Standardizing Spatial Data Models and Workflows to Accelerate Innovation in XR, Robotics, and AI

ECE Assistant Professor Mallesham Dasari, in collaboration with Jacob Chakareski from New Jersey Institute of Technology, was awarded a $300K NSF grant for “POSE: Phase I: Enabling an Open-Source Ecosystem for 4D Dynamic Geometry in XR, Robotics, and Autonomous Systems.” Dynamic 3D and 4D data are becoming essential building blocks for emerging technologies such as extended reality, robotics, AI, and autonomous systems. However, the software ecosystem supporting these data remains fragmented, with incompatible tools, formats, and workflows limiting collaboration and innovation. This NSF-funded project will build on Open4D, an open-source platform developed at Northeastern University for representing, processing, and sharing dynamic 4D geometry data. The project will engage researchers, developers, and industry stakeholders to design a broader community-driven ecosystem around Open4D, including shared standards, interoperable tools, governance models, and evaluation methodologies.
Abstract Source: NSF
This Pathways to Enable Open-Source Ecosystems (POSE) project addresses the increasing demand for tools that handle fast changing 3D and 4D visual information used in robotics, extended reality, artificial intelligence, autonomous systems, and similar areas. Current resources are scattered and incompatible, slowing progress and limiting access. This project addresses these challenges by planning a shared, open ecosystem for dynamic 4D geometry data, enabling common standards, tools, and workflows that can be used across domains. The project supports broader participation in spatial computing and accelerates progress in applications such as immersive education, remote operation, and intelligent automation. This effort directly serves the national interest by strengthening the data infrastructure underlying next-generation computing systems. Advances in interoperable spatial data processing can improve the reliability and responsiveness of systems used in areas such as disaster response, critical infrastructure monitoring, and defense and surveillance operations, where timely and accurate spatial understanding is essential. At the same time, the project contributes to economic growth by enabling scalable data pipelines for autonomous systems and spatial computing platforms, supporting innovation across industry sectors.

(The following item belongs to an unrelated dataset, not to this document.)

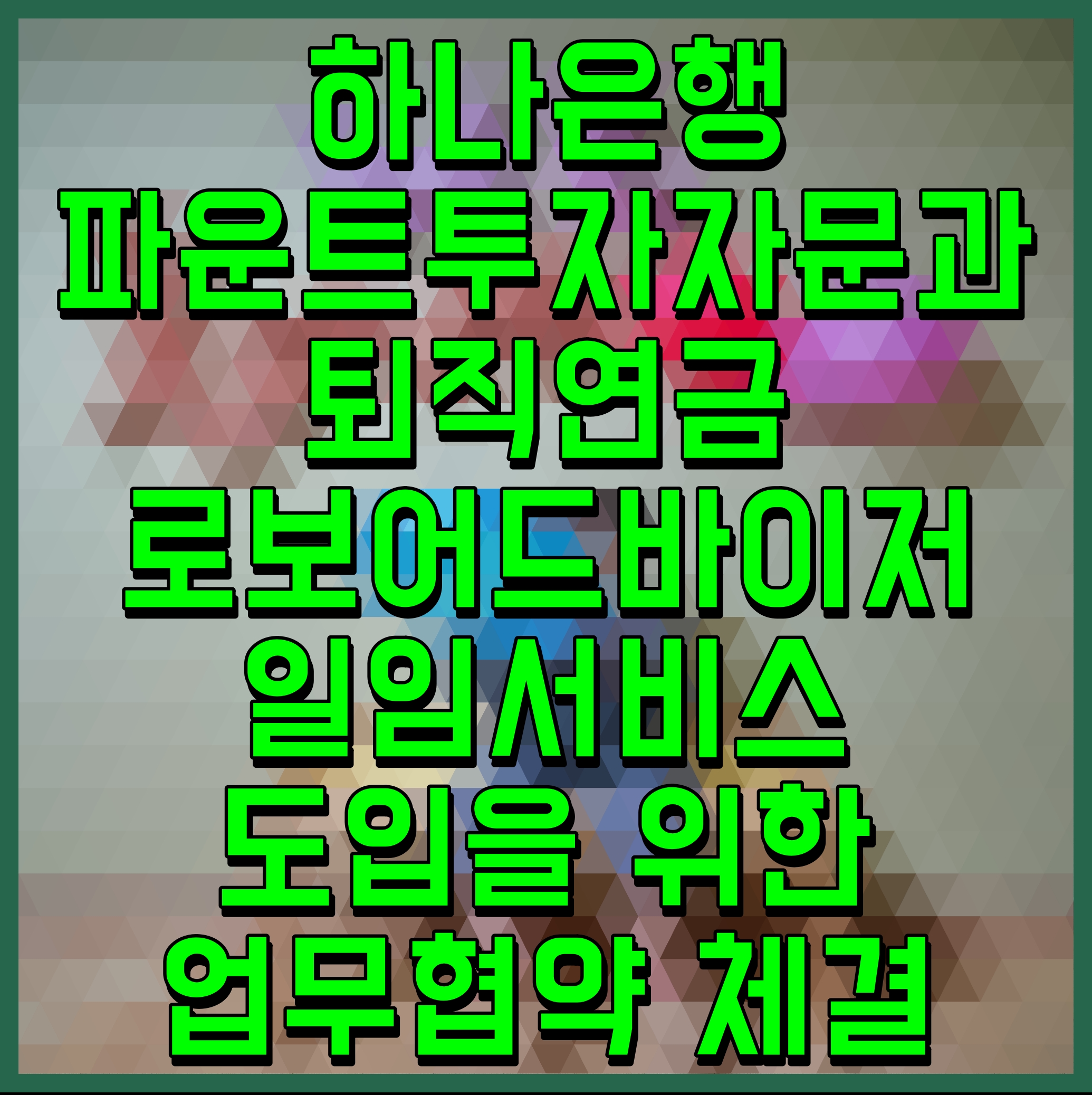 하나은행 파운트투자자문과 퇴직연금 로보어드바이저 일임서비스 도입을 위한 업무협약 체결

This project scopes and designs an open-source ecosystem for 4D dynamic geometry, building on an existing research artifact as a foundation. The effort focuses on identifying shared abstractions, interoperable data representations, and system-level requirements that enable extensible development across domains such as extended reality (XR), robotics, and autonomous systems. The team will study existing 4D geometry tools, identify common needs, and outline a unified ecosystem that supports shared formats and development infrastructure. The team interviews developers and users to define requirements for interfaces, benchmarks, and governance. The project also evaluates risk, licensing needs, and technical constraints to ensure long-term sustainability. The outcome will include a blueprint for a community-driven open-source framework for dynamic geometry. In addition, the project analyzes fragmentation across current pipelines to identify opportunities to standardize data models and workflows. It examines trade-offs in performance, scalability, and cross-platform compatibility, and assess security and robustness considerations for shared infrastructure. The resulting open-source ecosystem will include a reference architecture, governance model, and evaluation methodology to guide the future development and adoption of scalable 4D geometry processing systems.